Low scores by students in some groups in the middle schools and high schools in Stephanie’s district helped cause the school district to earn a failing grade the past couple of years. That means teachers in all schools across the district have received training in – the strategy the district apparently picked – “curriculum mapping” and have been required to practice this strategy. Ultimately, the state could take over individual schools or the whole school district, probably wiping out the existing school board and superintendent.
The new superintendent dispatched a key lieutenant to make the pitch to teachers such as Stephanie and her Fairmont colleagues: Even though your school passed, the test scores of some of your students who graduated to middle school helped the district fail. This is not only a problem for these students and their families, but also for the district as a whole, even for teachers in individual schools that passed.
(This administrator also assured the teachers that – even though the new Indiana state education chief – who came from their district – is pushing to license teachers with very little education training – people like me with history Ph.D.s should be able to teach middle school or high school social studies even if I’ve taken almost no education classes – that doesn’t mean that schools in their school district have to hire these folks as teachers.)

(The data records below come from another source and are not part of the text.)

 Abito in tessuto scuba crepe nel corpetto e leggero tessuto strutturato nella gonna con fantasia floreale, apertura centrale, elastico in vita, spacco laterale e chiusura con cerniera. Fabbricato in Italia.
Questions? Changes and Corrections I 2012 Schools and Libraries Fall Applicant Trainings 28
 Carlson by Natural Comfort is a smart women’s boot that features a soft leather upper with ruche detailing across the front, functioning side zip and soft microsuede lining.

This year Stephanie is playing a role not only in helping her present and former students pass the ISTEP but also in helping non-ENL students do so. Not only is she working with a mix of ENL and non-ENL kids in after-school programs, but she is also teaching ENL and non-ENL students reading in her 90-minute “READ 180” reading classes (aimed primarily at students who are reading OK but slightly below grade level).

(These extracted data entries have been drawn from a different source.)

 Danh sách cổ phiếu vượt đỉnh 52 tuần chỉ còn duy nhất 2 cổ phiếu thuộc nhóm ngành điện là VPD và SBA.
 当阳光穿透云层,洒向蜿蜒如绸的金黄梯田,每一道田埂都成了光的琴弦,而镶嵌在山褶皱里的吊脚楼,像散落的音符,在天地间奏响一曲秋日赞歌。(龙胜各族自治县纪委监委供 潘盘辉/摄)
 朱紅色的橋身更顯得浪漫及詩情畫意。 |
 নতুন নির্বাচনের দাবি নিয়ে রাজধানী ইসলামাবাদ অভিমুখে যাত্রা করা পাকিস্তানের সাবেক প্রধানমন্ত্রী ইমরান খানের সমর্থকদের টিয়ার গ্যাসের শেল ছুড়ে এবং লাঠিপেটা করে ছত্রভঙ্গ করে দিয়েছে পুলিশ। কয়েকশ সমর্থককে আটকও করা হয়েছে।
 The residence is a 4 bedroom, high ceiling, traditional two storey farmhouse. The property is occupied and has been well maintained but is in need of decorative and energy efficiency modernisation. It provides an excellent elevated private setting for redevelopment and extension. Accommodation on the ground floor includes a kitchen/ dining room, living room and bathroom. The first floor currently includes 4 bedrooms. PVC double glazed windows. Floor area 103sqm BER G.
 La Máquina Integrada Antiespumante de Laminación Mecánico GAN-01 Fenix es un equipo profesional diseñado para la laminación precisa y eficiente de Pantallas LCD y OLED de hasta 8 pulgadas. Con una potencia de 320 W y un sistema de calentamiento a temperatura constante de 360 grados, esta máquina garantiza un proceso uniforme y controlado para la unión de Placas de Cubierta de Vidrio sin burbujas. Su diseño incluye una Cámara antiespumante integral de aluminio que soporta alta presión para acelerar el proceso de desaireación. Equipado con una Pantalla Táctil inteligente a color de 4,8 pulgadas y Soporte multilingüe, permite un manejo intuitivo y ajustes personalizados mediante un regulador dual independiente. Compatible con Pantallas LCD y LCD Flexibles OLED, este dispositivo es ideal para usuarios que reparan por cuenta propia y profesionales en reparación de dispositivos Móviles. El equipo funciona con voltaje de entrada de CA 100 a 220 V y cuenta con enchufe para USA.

An employee of the company that markets READ 180 was slated to stop by Stephanie’s school this morning to do some additional training of Stephanie and one of her colleagues who also teaches READ 180 classes. This person was then slated to hang around and observe, which Stephanie felt was important enough that she tinkered with her lesson plans for the day. Hopefully this went well. And hopefully this kind of teaching in Stephanie’s schools and other elementary schools in her district will help produce middle school and high school students who will perform well on the ISTEP and help the district “pass.”